Work required:
Set down exactly the lines in the records below that run from the line with "首先长戟兵对[骑兵]护甲属性" to the line with "Trong quá trình", inclusive, and nothing more.

Input material:

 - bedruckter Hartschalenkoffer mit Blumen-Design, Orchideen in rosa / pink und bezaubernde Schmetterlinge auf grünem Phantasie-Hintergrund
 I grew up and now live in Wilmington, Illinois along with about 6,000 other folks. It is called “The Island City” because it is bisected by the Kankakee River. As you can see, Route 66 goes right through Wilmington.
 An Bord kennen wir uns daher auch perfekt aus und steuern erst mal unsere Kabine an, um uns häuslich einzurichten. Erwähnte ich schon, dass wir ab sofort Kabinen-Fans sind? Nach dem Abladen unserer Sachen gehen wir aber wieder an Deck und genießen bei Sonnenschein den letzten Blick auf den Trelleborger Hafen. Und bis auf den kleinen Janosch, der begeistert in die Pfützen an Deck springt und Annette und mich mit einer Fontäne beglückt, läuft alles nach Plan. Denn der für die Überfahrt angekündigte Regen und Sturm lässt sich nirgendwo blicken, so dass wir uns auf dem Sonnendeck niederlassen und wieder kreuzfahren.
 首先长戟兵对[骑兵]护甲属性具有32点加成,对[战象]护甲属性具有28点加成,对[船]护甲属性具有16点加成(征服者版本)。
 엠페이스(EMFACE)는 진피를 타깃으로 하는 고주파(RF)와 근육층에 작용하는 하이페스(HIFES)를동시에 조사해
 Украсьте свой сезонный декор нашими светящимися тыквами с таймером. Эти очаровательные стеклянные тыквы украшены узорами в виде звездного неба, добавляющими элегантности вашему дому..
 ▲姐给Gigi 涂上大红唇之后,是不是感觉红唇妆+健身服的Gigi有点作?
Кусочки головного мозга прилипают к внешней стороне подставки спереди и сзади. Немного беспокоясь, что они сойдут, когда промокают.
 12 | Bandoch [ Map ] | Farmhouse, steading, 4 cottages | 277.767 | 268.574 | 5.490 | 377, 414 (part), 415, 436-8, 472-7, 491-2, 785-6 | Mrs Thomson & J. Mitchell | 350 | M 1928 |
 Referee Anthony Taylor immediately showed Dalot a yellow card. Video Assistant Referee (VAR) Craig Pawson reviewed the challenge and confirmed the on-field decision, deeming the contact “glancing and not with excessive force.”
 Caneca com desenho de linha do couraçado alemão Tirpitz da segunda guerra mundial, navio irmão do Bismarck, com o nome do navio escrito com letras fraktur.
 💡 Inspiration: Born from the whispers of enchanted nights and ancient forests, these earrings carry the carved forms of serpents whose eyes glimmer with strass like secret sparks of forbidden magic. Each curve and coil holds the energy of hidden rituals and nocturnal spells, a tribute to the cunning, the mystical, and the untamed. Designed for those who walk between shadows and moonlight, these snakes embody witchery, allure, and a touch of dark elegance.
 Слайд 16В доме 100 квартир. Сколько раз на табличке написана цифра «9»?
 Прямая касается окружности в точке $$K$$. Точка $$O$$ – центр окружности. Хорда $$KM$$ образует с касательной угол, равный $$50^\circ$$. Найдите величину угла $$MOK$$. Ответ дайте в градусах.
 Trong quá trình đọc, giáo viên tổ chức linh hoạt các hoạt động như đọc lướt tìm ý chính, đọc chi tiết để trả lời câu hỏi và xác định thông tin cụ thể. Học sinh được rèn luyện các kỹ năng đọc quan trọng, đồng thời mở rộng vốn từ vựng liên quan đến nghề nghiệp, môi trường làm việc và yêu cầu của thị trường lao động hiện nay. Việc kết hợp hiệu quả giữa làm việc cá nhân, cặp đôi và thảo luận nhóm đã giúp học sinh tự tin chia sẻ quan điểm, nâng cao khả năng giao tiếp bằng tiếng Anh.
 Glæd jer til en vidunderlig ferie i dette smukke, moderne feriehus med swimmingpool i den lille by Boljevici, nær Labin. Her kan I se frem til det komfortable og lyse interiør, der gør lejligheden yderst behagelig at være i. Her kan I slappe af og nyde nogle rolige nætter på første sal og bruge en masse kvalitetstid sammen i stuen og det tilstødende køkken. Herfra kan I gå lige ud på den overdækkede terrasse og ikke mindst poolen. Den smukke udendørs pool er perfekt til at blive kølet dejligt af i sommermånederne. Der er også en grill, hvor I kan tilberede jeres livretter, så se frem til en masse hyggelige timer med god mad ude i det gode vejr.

Exercise result:
 首先长戟兵对[骑兵]护甲属性具有32点加成,对[战象]护甲属性具有28点加成,对[船]护甲属性具有16点加成(征服者版本)。
 엠페이스(EMFACE)는 진피를 타깃으로 하는 고주파(RF)와 근육층에 작용하는 하이페스(HIFES)를동시에 조사해
 Украсьте свой сезонный декор нашими светящимися тыквами с таймером. Эти очаровательные стеклянные тыквы украшены узорами в виде звездного неба, добавляющими элегантности вашему дому..
 ▲姐给Gigi 涂上大红唇之后,是不是感觉红唇妆+健身服的Gigi有点作?
Кусочки головного мозга прилипают к внешней стороне подставки спереди и сзади. Немного беспокоясь, что они сойдут, когда промокают.
 12 | Bandoch [ Map ] | Farmhouse, steading, 4 cottages | 277.767 | 268.574 | 5.490 | 377, 414 (part), 415, 436-8, 472-7, 491-2, 785-6 | Mrs Thomson & J. Mitchell | 350 | M 1928 |
 Referee Anthony Taylor immediately showed Dalot a yellow card. Video Assistant Referee (VAR) Craig Pawson reviewed the challenge and confirmed the on-field decision, deeming the contact “glancing and not with excessive force.”
 Caneca com desenho de linha do couraçado alemão Tirpitz da segunda guerra mundial, navio irmão do Bismarck, com o nome do navio escrito com letras fraktur.
 💡 Inspiration: Born from the whispers of enchanted nights and ancient forests, these earrings carry the carved forms of serpents whose eyes glimmer with strass like secret sparks of forbidden magic. Each curve and coil holds the energy of hidden rituals and nocturnal spells, a tribute to the cunning, the mystical, and the untamed. Designed for those who walk between shadows and moonlight, these snakes embody witchery, allure, and a touch of dark elegance.
 Слайд 16В доме 100 квартир. Сколько раз на табличке написана цифра «9»?
 Прямая касается окружности в точке $$K$$. Точка $$O$$ – центр окружности. Хорда $$KM$$ образует с касательной угол, равный $$50^\circ$$. Найдите величину угла $$MOK$$. Ответ дайте в градусах.
 Trong quá trình đọc, giáo viên tổ chức linh hoạt các hoạt động như đọc lướt tìm ý chính, đọc chi tiết để trả lời câu hỏi và xác định thông tin cụ thể. Học sinh được rèn luyện các kỹ năng đọc quan trọng, đồng thời mở rộng vốn từ vựng liên quan đến nghề nghiệp, môi trường làm việc và yêu cầu của thị trường lao động hiện nay. Việc kết hợp hiệu quả giữa làm việc cá nhân, cặp đôi và thảo luận nhóm đã giúp học sinh tự tin chia sẻ quan điểm, nâng cao khả năng giao tiếp bằng tiếng Anh.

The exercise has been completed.